Exercise brief
All the lines below need retyping exactly, apart from the images.

Listed entries
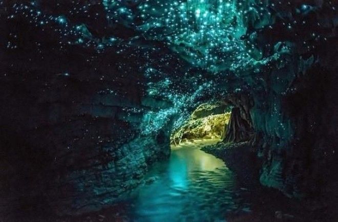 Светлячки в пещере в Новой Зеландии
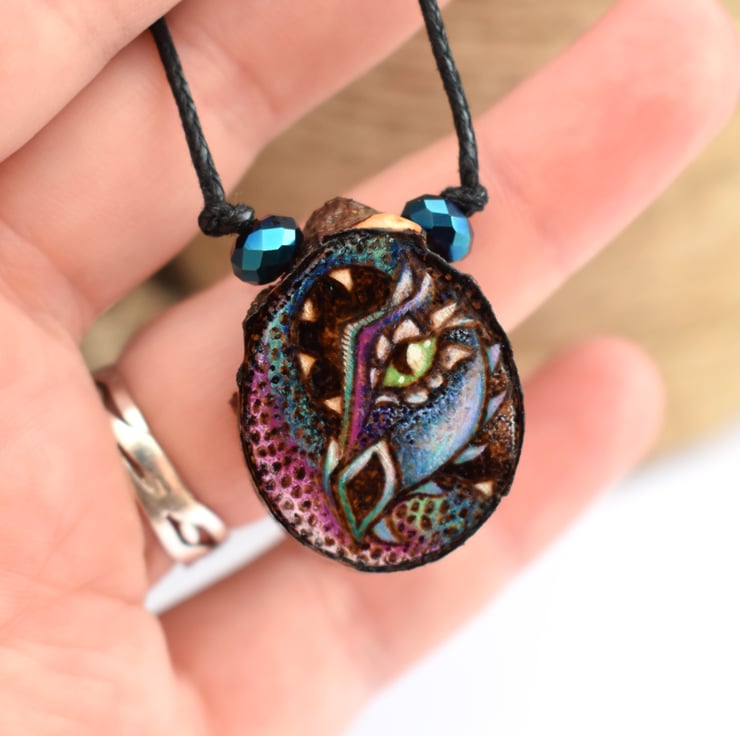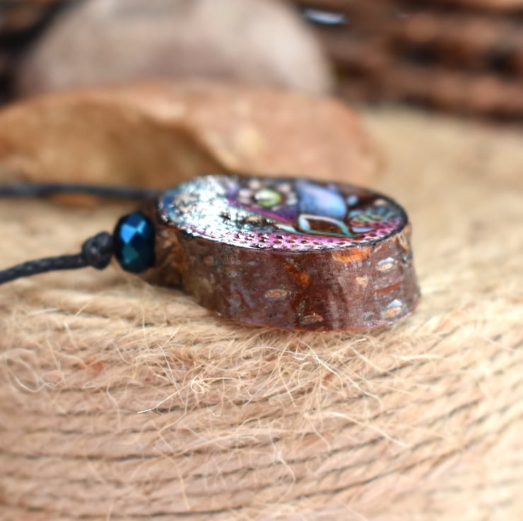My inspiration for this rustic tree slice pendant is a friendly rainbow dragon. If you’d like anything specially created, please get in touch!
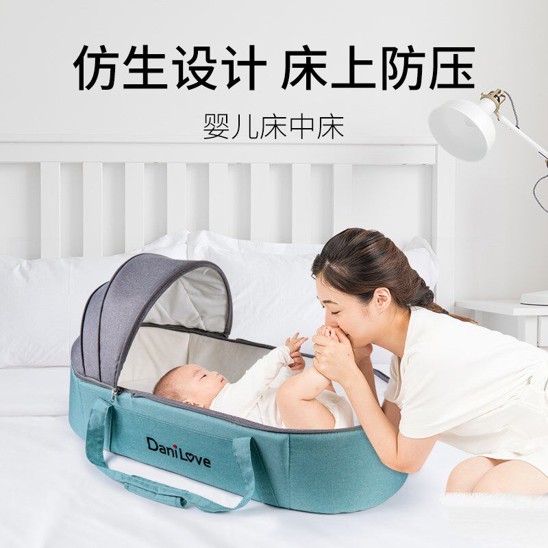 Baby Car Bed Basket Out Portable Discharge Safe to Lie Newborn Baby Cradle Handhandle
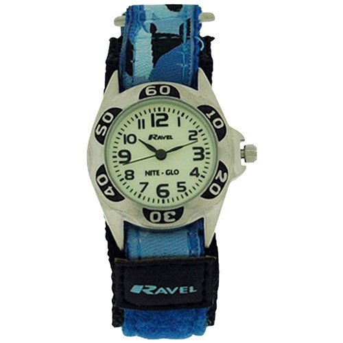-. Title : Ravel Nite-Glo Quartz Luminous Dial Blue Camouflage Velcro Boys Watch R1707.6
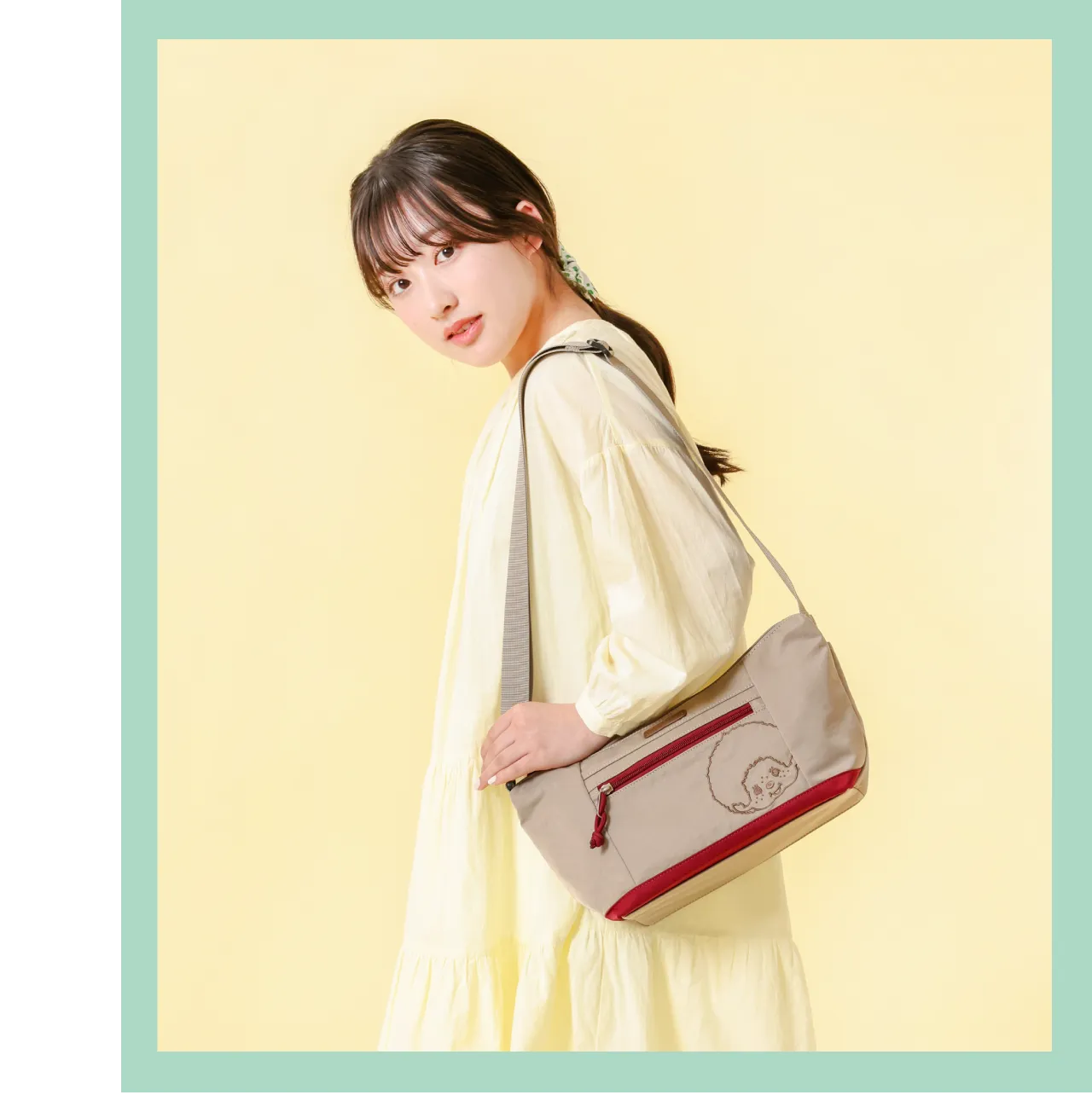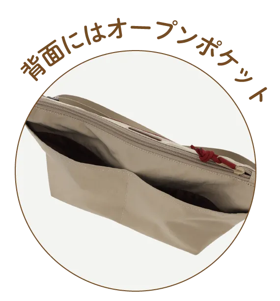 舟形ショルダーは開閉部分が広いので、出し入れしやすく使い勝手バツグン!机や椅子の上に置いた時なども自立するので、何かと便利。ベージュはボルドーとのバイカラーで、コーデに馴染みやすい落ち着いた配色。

Expected answer
 Светлячки в пещере в Новой Зеландии
My inspiration for this rustic tree slice pendant is a friendly rainbow dragon. If you’d like anything specially created, please get in touch!
 Baby Car Bed Basket Out Portable Discharge Safe to Lie Newborn Baby Cradle Handhandle
-. Title : Ravel Nite-Glo Quartz Luminous Dial Blue Camouflage Velcro Boys Watch R1707.6
 舟形ショルダーは開閉部分が広いので、出し入れしやすく使い勝手バツグン!机や椅子の上に置いた時なども自立するので、何かと便利。ベージュはボルドーとのバイカラーで、コーデに馴染みやすい落ち着いた配色。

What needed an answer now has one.